Hacker News new | ask | show | jobs
by bfirsh 2037 days ago
We talked to a bunch of MLflow users, and the general impression we got is that it is heavyweight and hard to set up. MLflow is an all-encompassing "ML platform". Which is fine if you need that, but we're trying to just do one thing well. (Imagine if Git called itself a "software platform".)

In terms of features, Replicate points directly at an S3 bucket (so you don't have to run a server and Postgres DB), it saves your training code (for reproducibility and to commit to Git after the fact), and it has a nice API for reading and analyzing your experiments in a notebook.

1 comments

Congrats on the launch!

>MLflow is an all-encompassing "ML platform"

Not really. We're trying to use MLflow with our "ML platform"[0]. Namely, it can save a model that expects high dimensional inputs, which is most models I've seen that aren't trivial, and can "deploy" the model but with an expectation of two dimensional DataFrame inputs. Apparently, they're working on that.

There are also many ambiguities concerning Keras and Tensorflow stemming from "What is a Keras model? Is it a Tensorflow model now they're integrated?

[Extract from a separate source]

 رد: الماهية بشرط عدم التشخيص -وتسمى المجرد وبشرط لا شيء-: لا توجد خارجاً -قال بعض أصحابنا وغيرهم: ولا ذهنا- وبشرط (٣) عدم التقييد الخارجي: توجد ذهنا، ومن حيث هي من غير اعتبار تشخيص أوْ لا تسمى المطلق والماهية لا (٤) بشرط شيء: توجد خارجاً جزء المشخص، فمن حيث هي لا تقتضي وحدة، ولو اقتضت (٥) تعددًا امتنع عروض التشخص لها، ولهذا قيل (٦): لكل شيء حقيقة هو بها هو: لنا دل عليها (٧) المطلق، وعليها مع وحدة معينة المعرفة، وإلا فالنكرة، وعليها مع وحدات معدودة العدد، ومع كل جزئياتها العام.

Why are Keras models logged with the tensorflow model logger when you use the autolog functionality?". These are shared ambiguities, as there are several ways to save and load models with Tensorflow, and we're looking into the Keras/Tensorflow integration closely. MLflow uses `cloudpickle` and unpickling expects not only the same 'protocol', but the same Python version. Had to dig deeper than necessary.

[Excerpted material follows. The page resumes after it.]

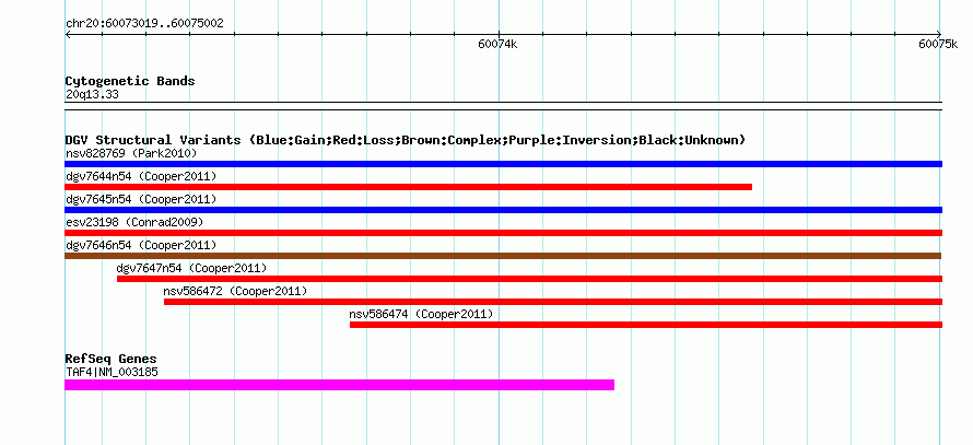 | | Variant Type | CNV gain+loss | | Copy Number | | | Allele State | | | Allele Origin | | | Probe Count | | | Validation Flag | | | Merged Status | M | | Merged Variants | dgv7646n54 | | Supporting Variants | nssv942017, nssv942016, nssv942018, nssv942020, nssv942022, nssv942021, nssv942019 | | Samples | | | Known Genes | TAF4 | | Method | SNP array | | Analysis | Illumina SNP array copy number analysis | | Platform | Not reported | | Comments | | | Reference | Cooper_et_al_2011 | | Pubmed ID | 21841781 | | Accession Number(s) | nsv586463

One other problem is when a model relies on ancillary functions, which you must be able to ship somehow. You end up tinkering with its guts, too.

Could you shed some light on how do you deal with these matters. Namely, high dimensional inputs for models, pre-processing/post-processing functions, serialization brittleness, and Keras/Tensorflow "duality".

We have to inherit that complexity to spare our users from having to mentally think of saving their experiments (we do that automatically to save models, metrics, params). The workflow is data --> collaborative notebooks with scheduling features and job --> (generate appbooks) --> automatically tracked models/params/metrics --> one click deployment --> 'REST' API or form to invoke model.

Aaaaaand again, congrats on the launch!

- [0]: https://iko.ai